Оницифор, сам того не ведая, затронул такую весть, какую взрослые знали, считали ее недоброй и старались не думать и не говорить о ней.

– Что же это мы, как малые чада, заболтались, а о злой вести забыли? – всполошилась Матрена. – Уже какой рязанский гонец через город во Владимир скачет!.. Ты, заступница наша, Богородица, спаси и сохрани! – она перекрестилась на икону и плаксиво запричитала: – Спаси и сохрани чад моих, мужа и брата, и меня, грешную, убереги от горькой беды и лютой напасти!

Решив, что все необходимое для оберегания семейства она проделала, и потому немного успокоившись, Матрена обратилась к брату:

– Ох, и боязно мне, Васька! Чую, что не за горами лютое зло затаилось и в нашу сторонушку поглядывает. Бога гневить не буду, как Оницифор стал отцу помогать, так зажили мы в сытости. Корову, порося держим, а все неспокойно на душе. Иной раз забудешься за делами, отвлечешься, будто кто-то ударит тебя исподтишка рогатиной, всколыхнешься вся и призадумаешься: «Почему я так спокойна и смиренна? Почему не печалюсь? Ведь беда у ворот!» И что дивно: такое не только со мной, но и со многими случается.
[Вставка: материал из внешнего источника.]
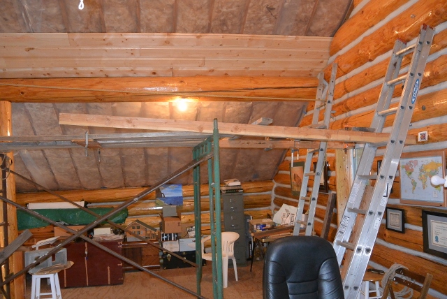 3/19/15 In this picture you can see the safety rope and the progress to date on the last section of ceiling boards.
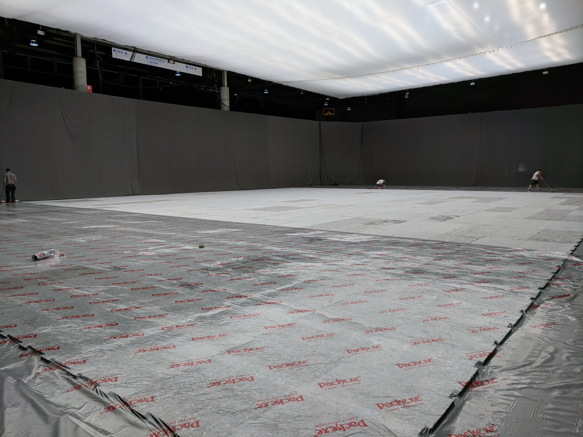 An installation we completed for a Nissan campaign in Madrid and London. This project also included an indoor rain system, Our Underlay protection film help ensure all the excess water moved away to the edges of the area, where it could be wet hoovered away.
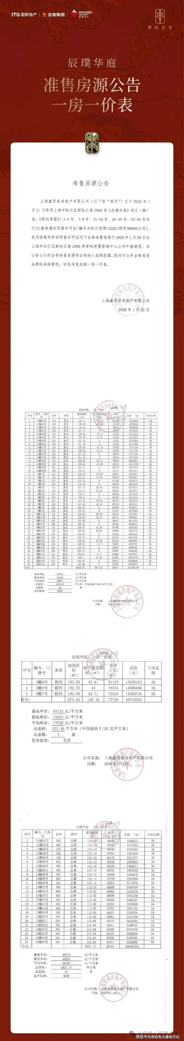 在2025年2月举行的上海首轮土拍中,国贸+金地+星狮地产联合体击败建发,以8.15亿的总价,溢价率13.98%,拿下松江新城05a-24号地块(即萃屿原墅),地块成交楼板价26216元/平,装标不低于2500元/平。
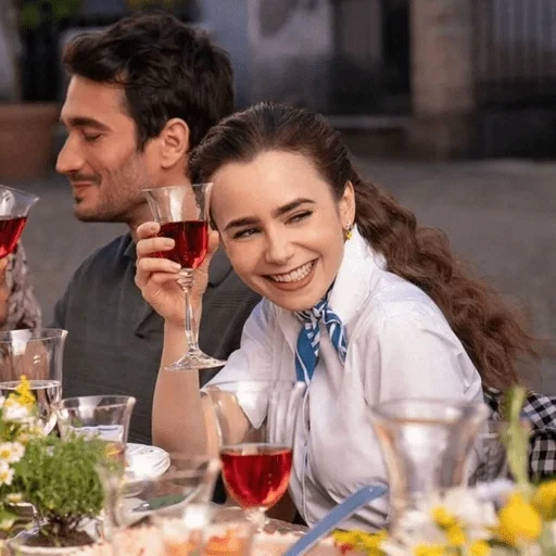 Um casal sentado à mesa, com a mulher sorrindo e segurando uma taça de vinho tinto, enquanto o homem ao lado olha para ela.
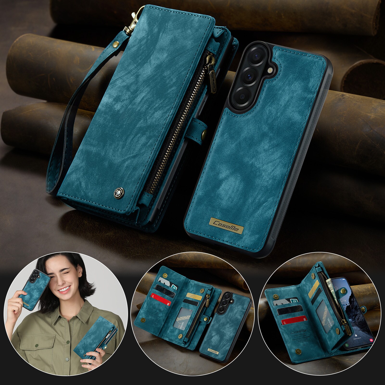 Mobilfodral med magnetskal och plånbok med extra många kortplatser till Samsung Galaxy A57 från CaseMe. Den rymliga plånboken har sedelficka, myntfack med dragkedja och ett flertal kortfack.
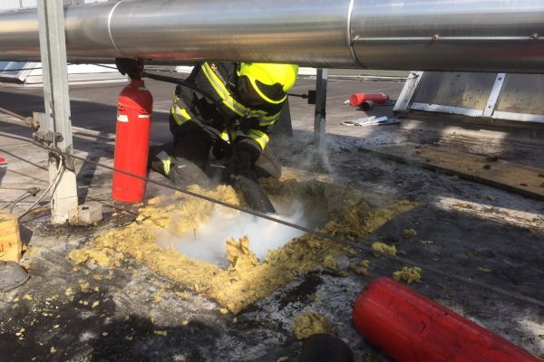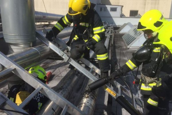 Mitarbeiter versuchten vorerst selbst den Brand einzudämmen. Die Einsatzkräfte der Feuerwehr Puchheim begannen mit Atemschutz und CO2 Löschern mit der weiteren Brandbekämpfung. Von den Mitarbeitern der Firma wurden sämtliche CO2 Löscher vom Werksgelände zusammengetragen. Zur Unterstützung der Brandbekämpfung wurde die Feuerwehr Attnang und die Feuerwehr Vöcklabruck mit dem Hubrettungsgerät und einem Tanklöschfahrzeug nachalarmiert.
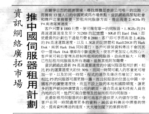 信息网络广拓市场 推中国服务器租用计划 在竞争日烈的经济环境,寻找商机是香港公司唯一的出路,而拥有13亿人口的中国更成为市场焦点。信息网络为紧贴社会和商户之业务需要,于租用服务器方面,推出高速2.4GHz的P4高速运算速度。 客户只需$1880月费,便可拥有单一的服务器,1.8GHz的P4高速运算速度及至少512MB 的内存、60GB的Hard Disk。即使最贵的计划也不过是月费$2880,客户即可想用高达2.4GHz的P4高速运算速度,以及1.5GB的内存和Raid120GB的Hard Disk,两个Hard Disk同时运行,客户可确保数据传送不会因其中一个Hard Disk坏掉而中断或上市,使客户更加安心和放心……
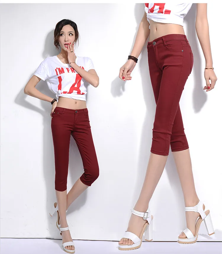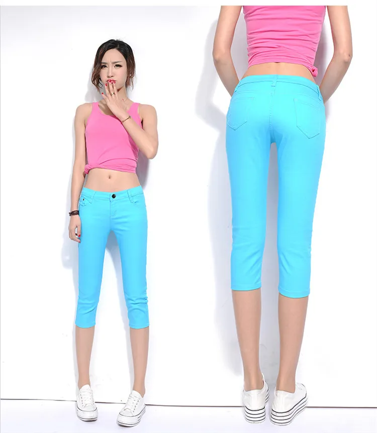 Женские обтягивающие леггинсы LPOWSS, узкие обтягивающие джинсы карамельных цветов, эластичные Капри, укороченные брюки, большие размеры, корейские повседневные штаны

Не одна, не две товарки мне о том сказывали, – Матрена, сжав кулаки и положив их на грудь, обратила очи вверх. – И за какие грехи наказуешь нас, Господи?.. Не дай Бог пережить такое, какое мы пережили: и чад родных хоронили, и мор испытали, и глад, и пожары…

– Тяжко, тяжко живется христианам на белом свете! Горя много… – поддакнул жене Савва.

– Летом, думали, погорим, – продолжила Матрена. – Ударили темной ночью в колоколы, выскочили мы кто в чем во двор, а там зарево на полнеба. Кремник полыхает вовсю, огонь уже на посад перекинулся, а у нас, на Подоле, хоромы серебренника Анастасия задымились. Как свой двор уберегли – ума не приложу! Я, почитай, до самых белых мух спокойно спать не могла: только очи сомкну, как чудится колокольный звон.

А голод какой приключился три лета назад? Ты же помнишь, Васька, что тогда из-за дождя весь урожай на корню погнил. На торгу за кадь ржи просили двадцать гривен!

– Рассказывали, что новгородцы своих детей иноземцам даром отдавали, – перебил ее Савва.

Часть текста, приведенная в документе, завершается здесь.